I think for those that are interested in this post, it will be worthwhile to read the blog post I wrote for the IQSA blog in November.

So for the past century or so, the status quo opinion has been that the Quran was composed in a language which has gotten so many different names, that it can be rather confusing: "The ʿArabiyyah/The Pre-Islamic Koine/The Poetic Koine/Classical Arabic/Pre-Classical Arabic, etc. etc." The exact name an authors gives this language kind of depends on the theoretical framework they work from, but for all of the scholars working on this, whatever term they used, they agreed that this meant that the language of the Quran was identical to the language of the Pre-Islamic poetry, which in turn is quite close to the language that we call "Classical Arabic" today.

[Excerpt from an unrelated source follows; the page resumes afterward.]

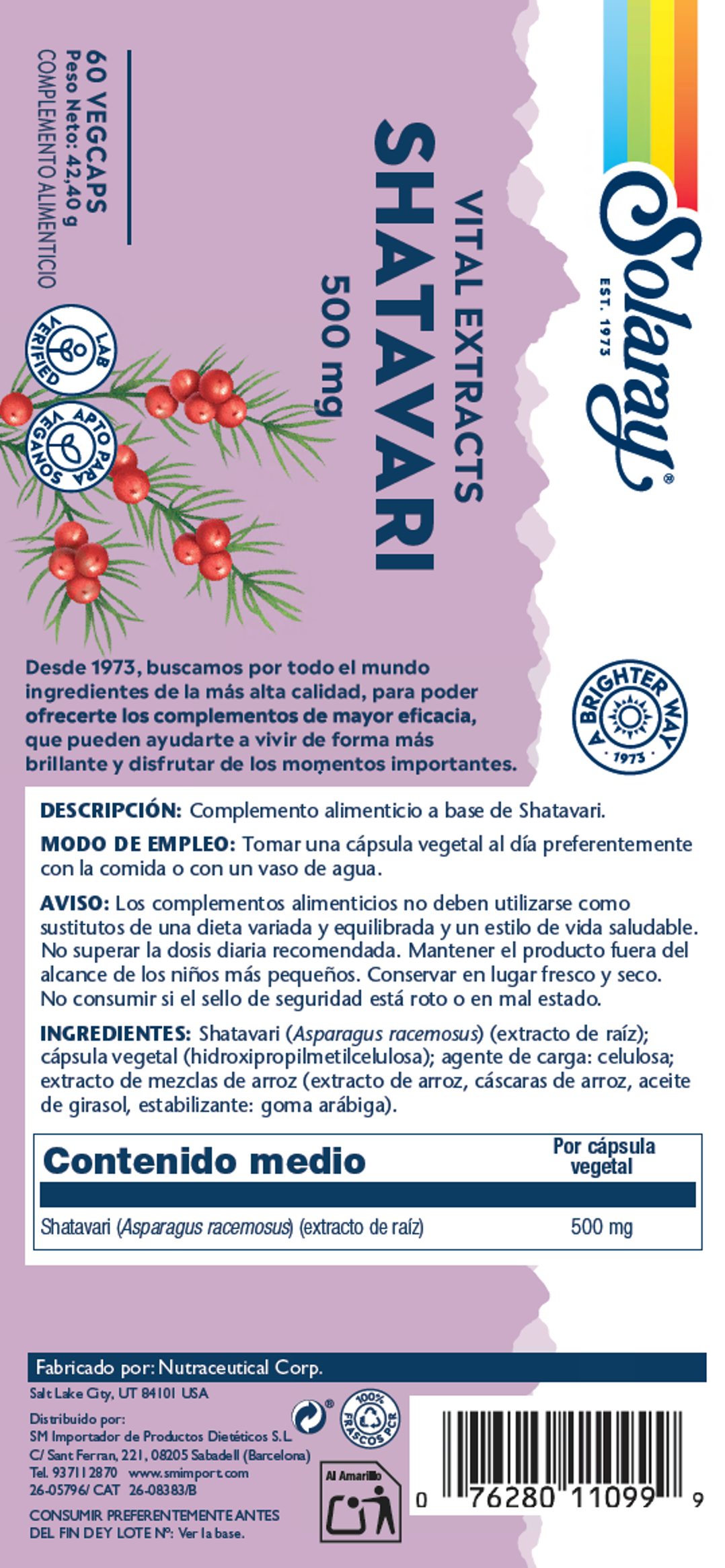 Shatavari (Asparagus racemosus ) (extracto de raíz); cápsula vegetal (hidroxipropilmetilcelulosa); agente de carga: celulosa; extracto de mezcla de arroz (extracto de arroz, cáscaras de arroz, aceite de girasol, estabilizante: goma arábiga).

While it is perhaps a terrible idea to introduce yet another term, I'll do it anyway: Let us call this "Poetic Arabic" for now.

Over the past two years, I have built up the case that the language of the Quran was not composed in Poetic Arabic, but rather a vernacular language -- likely the language spoken in the Hijaz at the time of the revelation. I call this "Quranic Arabic"

The Quran was previously the only evidence for Poetic Arabic that stemmed unproblematically from the 7th century. Because of its language being identical, it suddenly did not seem unlikely that the pre-Islamic poetry from around the 6th century would also be composed in this period. The poetry itself only gets put into writing about two centuries later, and there is no a priori reason to assume that these are genuinely from that early a period, but the Quran anchored it. With the Quran being composed in a different language, that anchor has now been lifted.

Previous scholars on pre-Islamic Arabic have been essentially in two camps about the status of Pre-Islamic Arabic as a spoken language.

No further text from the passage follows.